Problem requirements →
Everything from the line that contains "Diamond X Stacking" to the final line of the data, both ends included, must be set down exactly, apart from the pictures.

(Data provided Opens)

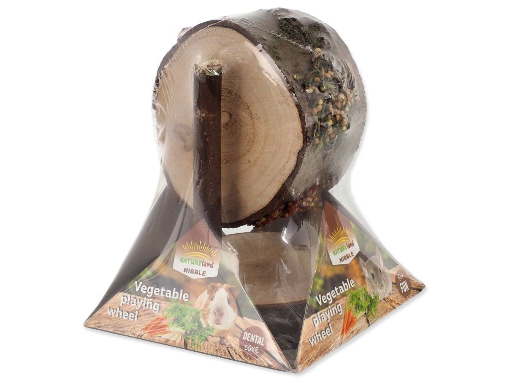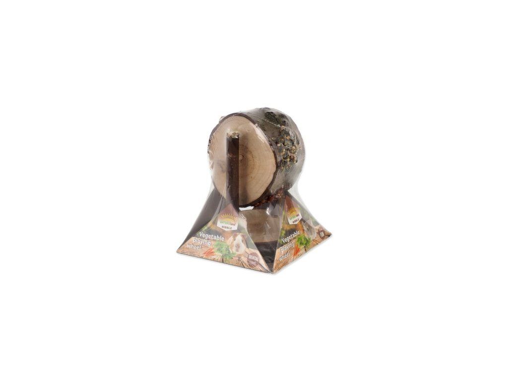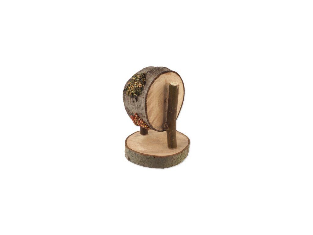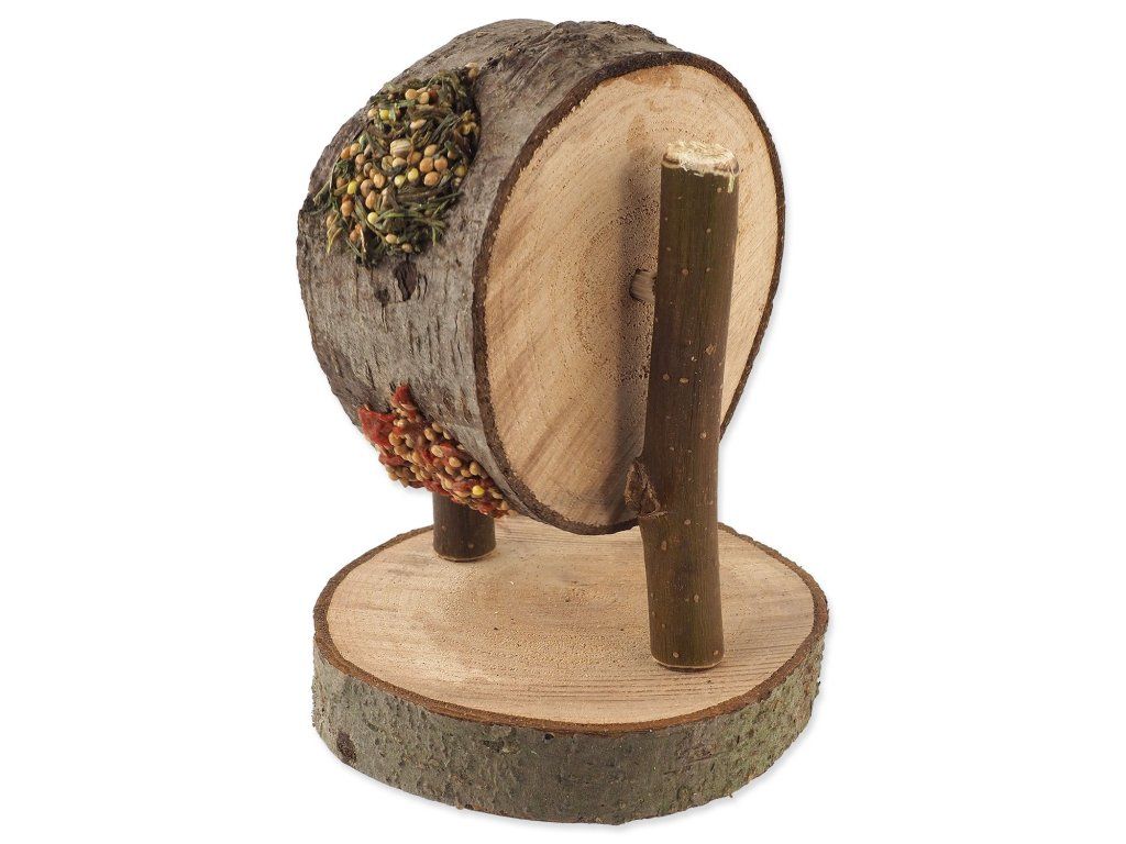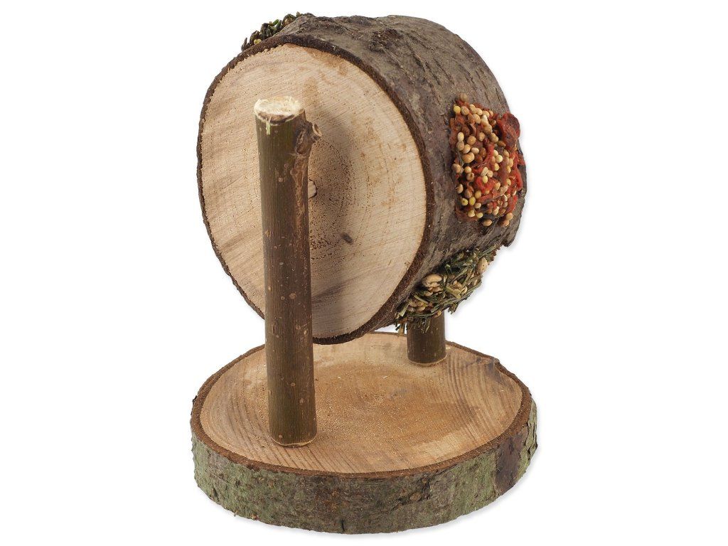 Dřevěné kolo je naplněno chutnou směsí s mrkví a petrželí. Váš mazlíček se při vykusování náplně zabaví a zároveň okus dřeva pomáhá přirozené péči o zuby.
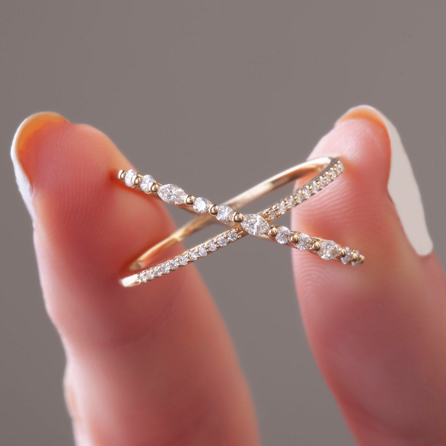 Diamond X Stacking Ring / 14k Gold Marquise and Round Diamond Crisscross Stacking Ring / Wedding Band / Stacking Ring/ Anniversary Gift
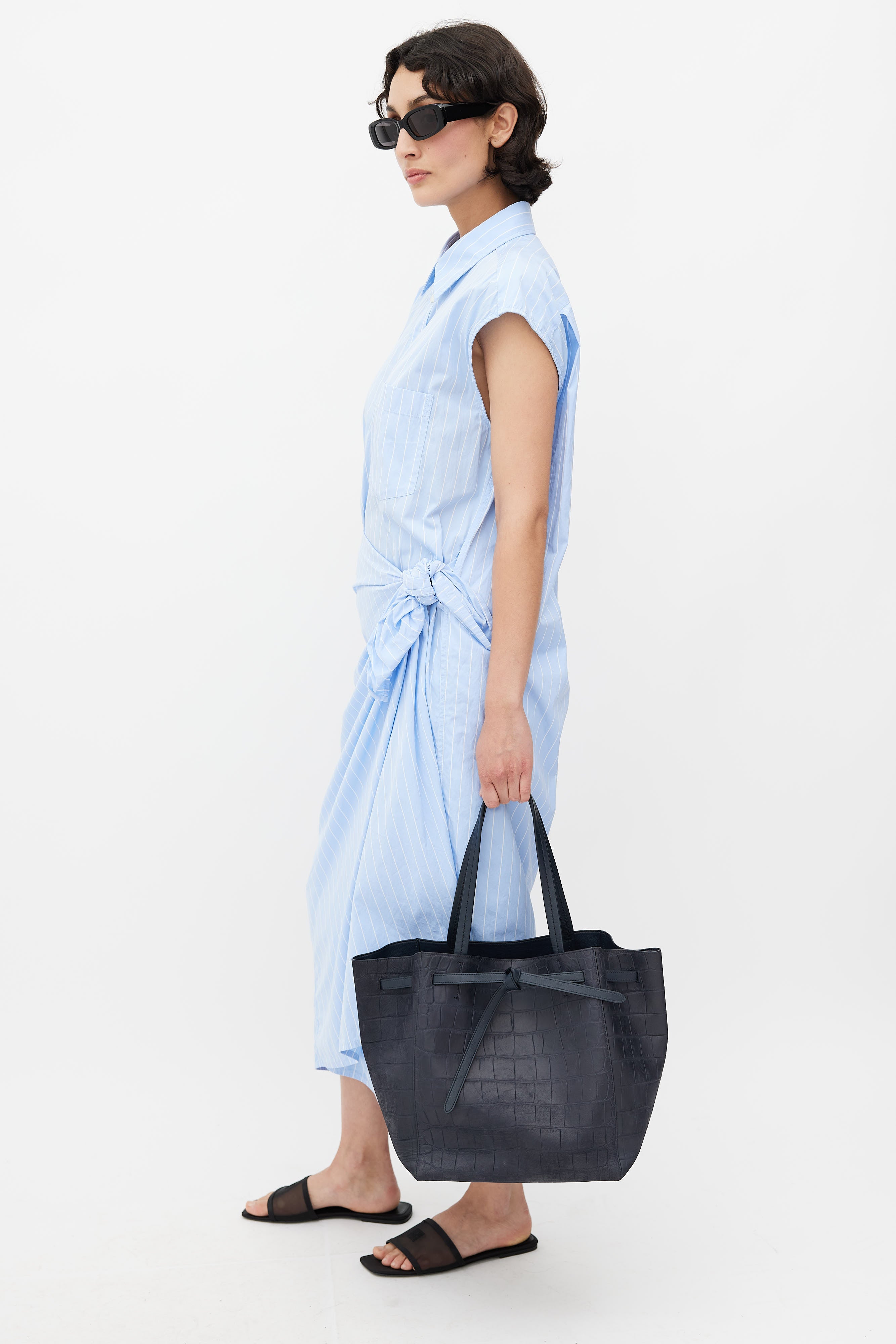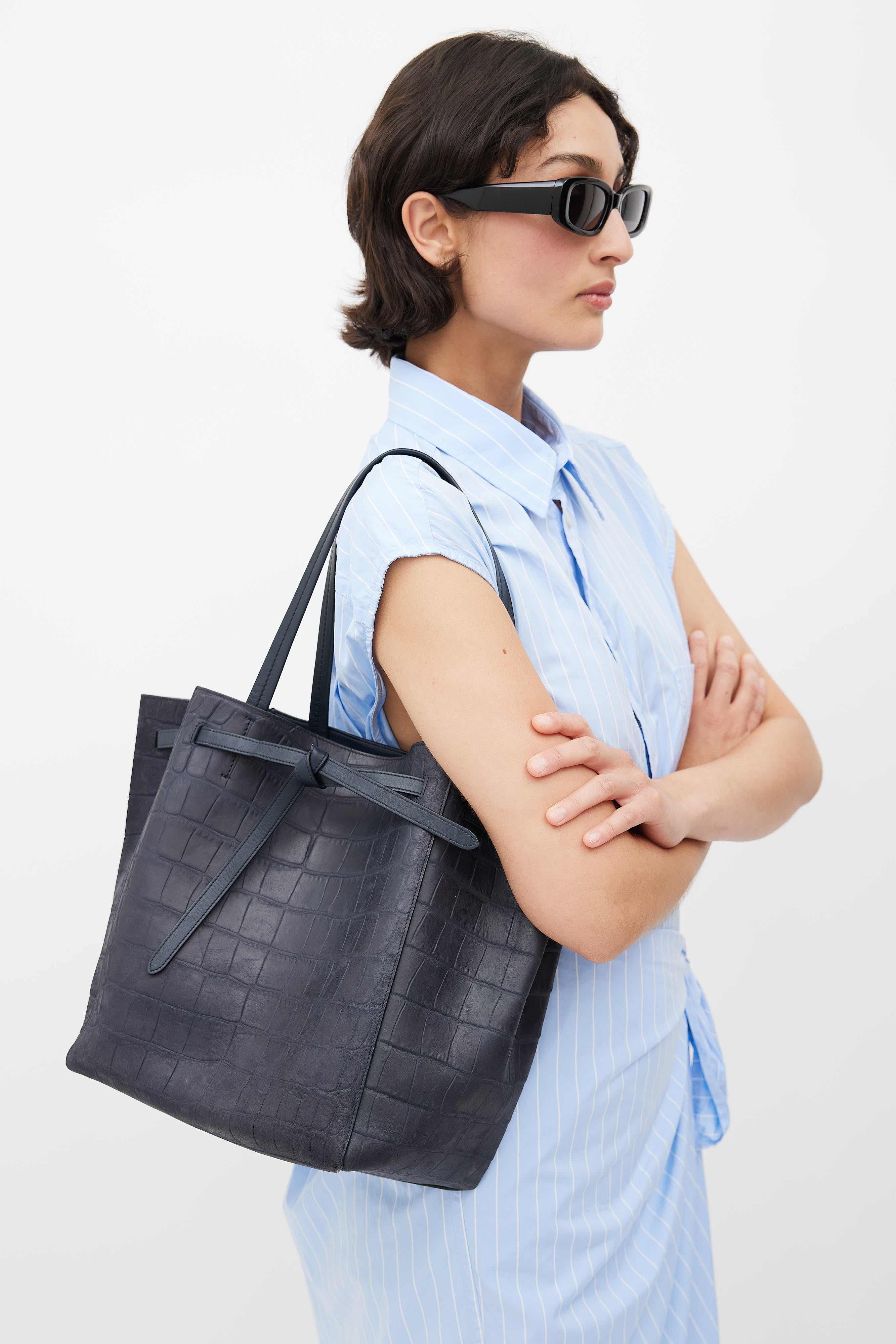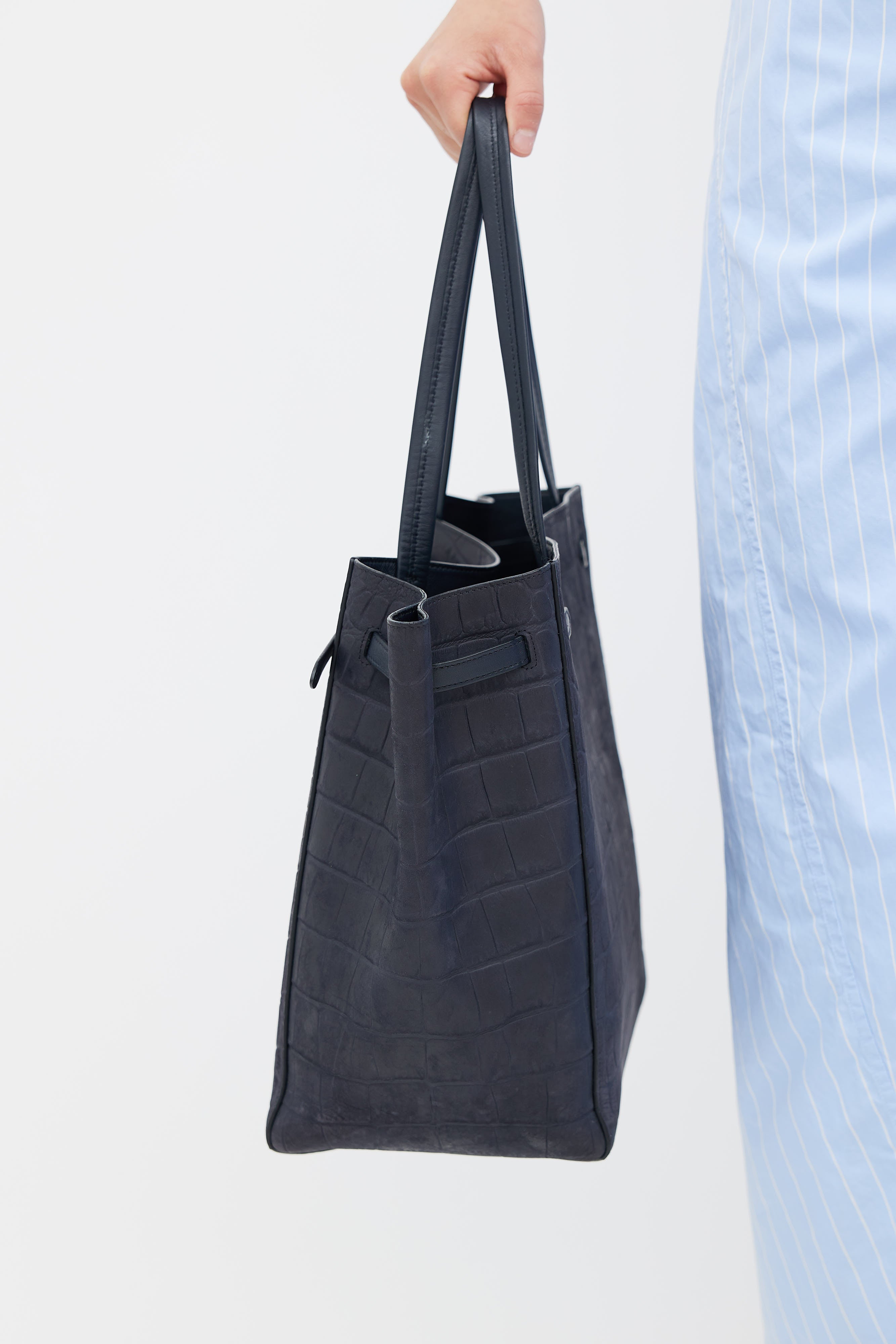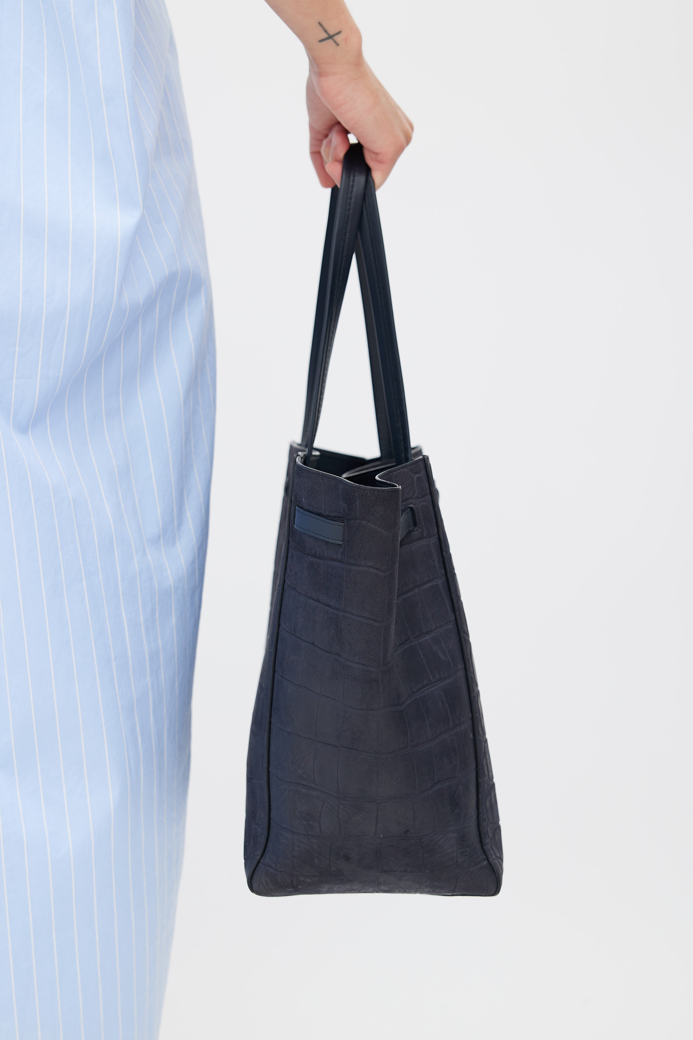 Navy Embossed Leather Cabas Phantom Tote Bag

(Data provided Closes)

Result below →
 Diamond X Stacking Ring / 14k Gold Marquise and Round Diamond Crisscross Stacking Ring / Wedding Band / Stacking Ring/ Anniversary Gift
 Navy Embossed Leather Cabas Phantom Tote Bag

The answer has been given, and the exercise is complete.